Problem to solve »
Only the lines below from the one containing "粉碎城市(Smashy Ci" through the last line should be set down, exactly as written and with no pictures.

Stored data entries:
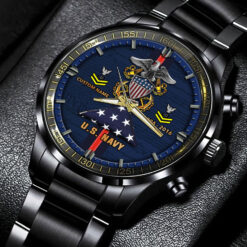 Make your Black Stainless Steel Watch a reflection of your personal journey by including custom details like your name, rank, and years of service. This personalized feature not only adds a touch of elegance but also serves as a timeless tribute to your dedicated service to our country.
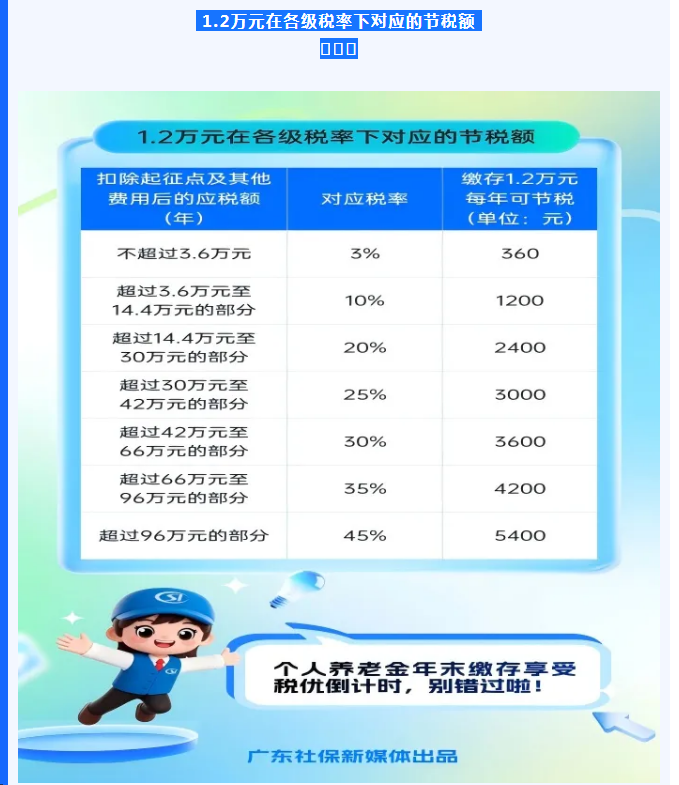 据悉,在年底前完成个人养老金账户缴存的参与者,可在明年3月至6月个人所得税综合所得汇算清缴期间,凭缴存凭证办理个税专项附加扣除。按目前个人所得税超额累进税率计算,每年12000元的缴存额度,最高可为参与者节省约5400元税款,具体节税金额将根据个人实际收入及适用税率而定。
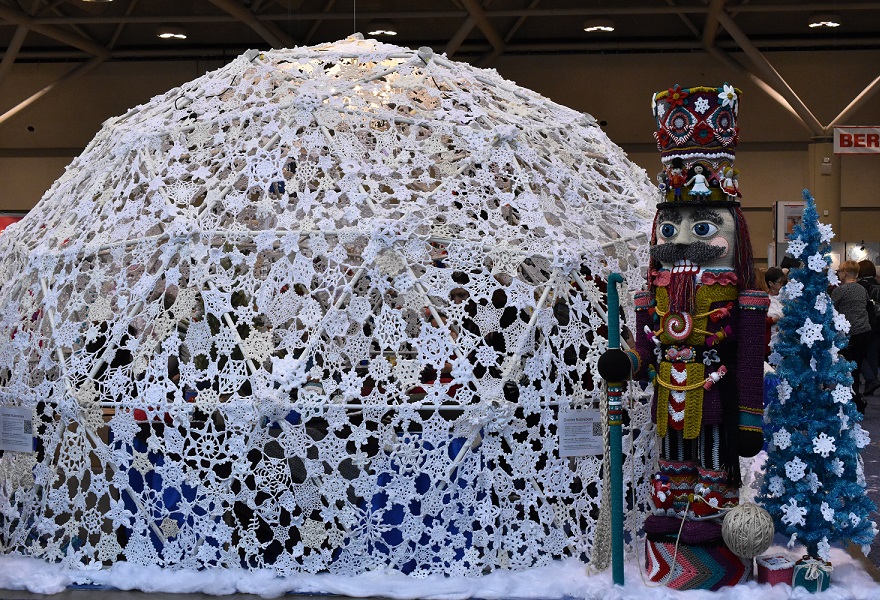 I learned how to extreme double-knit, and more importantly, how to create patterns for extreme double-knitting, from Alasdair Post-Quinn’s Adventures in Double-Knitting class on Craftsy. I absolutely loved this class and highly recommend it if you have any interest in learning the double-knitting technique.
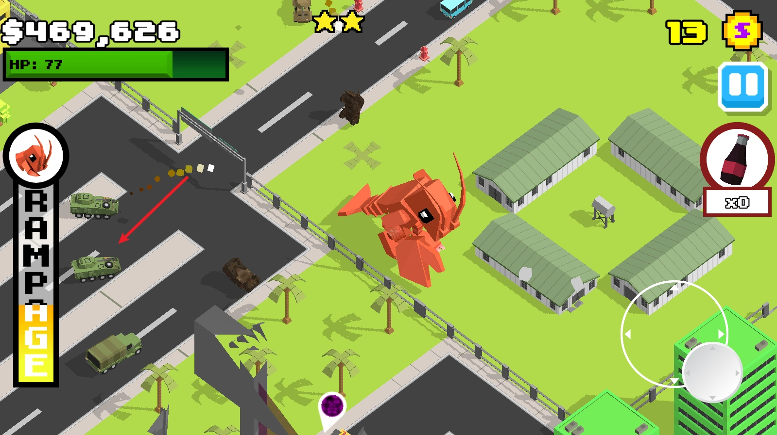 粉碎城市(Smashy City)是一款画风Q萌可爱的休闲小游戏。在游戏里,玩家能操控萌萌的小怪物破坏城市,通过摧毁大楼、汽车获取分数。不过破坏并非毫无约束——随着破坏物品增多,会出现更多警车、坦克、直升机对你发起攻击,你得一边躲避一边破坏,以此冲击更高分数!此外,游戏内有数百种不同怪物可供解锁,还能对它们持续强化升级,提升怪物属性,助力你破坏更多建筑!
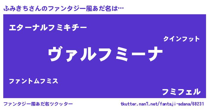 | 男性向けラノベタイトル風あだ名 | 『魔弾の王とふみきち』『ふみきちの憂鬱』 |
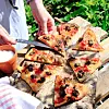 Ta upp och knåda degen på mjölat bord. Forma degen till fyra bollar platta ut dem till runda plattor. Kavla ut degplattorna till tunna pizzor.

Solution »
 粉碎城市(Smashy City)是一款画风Q萌可爱的休闲小游戏。在游戏里,玩家能操控萌萌的小怪物破坏城市,通过摧毁大楼、汽车获取分数。不过破坏并非毫无约束——随着破坏物品增多,会出现更多警车、坦克、直升机对你发起攻击,你得一边躲避一边破坏,以此冲击更高分数!此外,游戏内有数百种不同怪物可供解锁,还能对它们持续强化升级,提升怪物属性,助力你破坏更多建筑!
 | 男性向けラノベタイトル風あだ名 | 『魔弾の王とふみきち』『ふみきちの憂鬱』 |
 Ta upp och knåda degen på mjölat bord. Forma degen till fyra bollar platta ut dem till runda plattor. Kavla ut degplattorna till tunna pizzor.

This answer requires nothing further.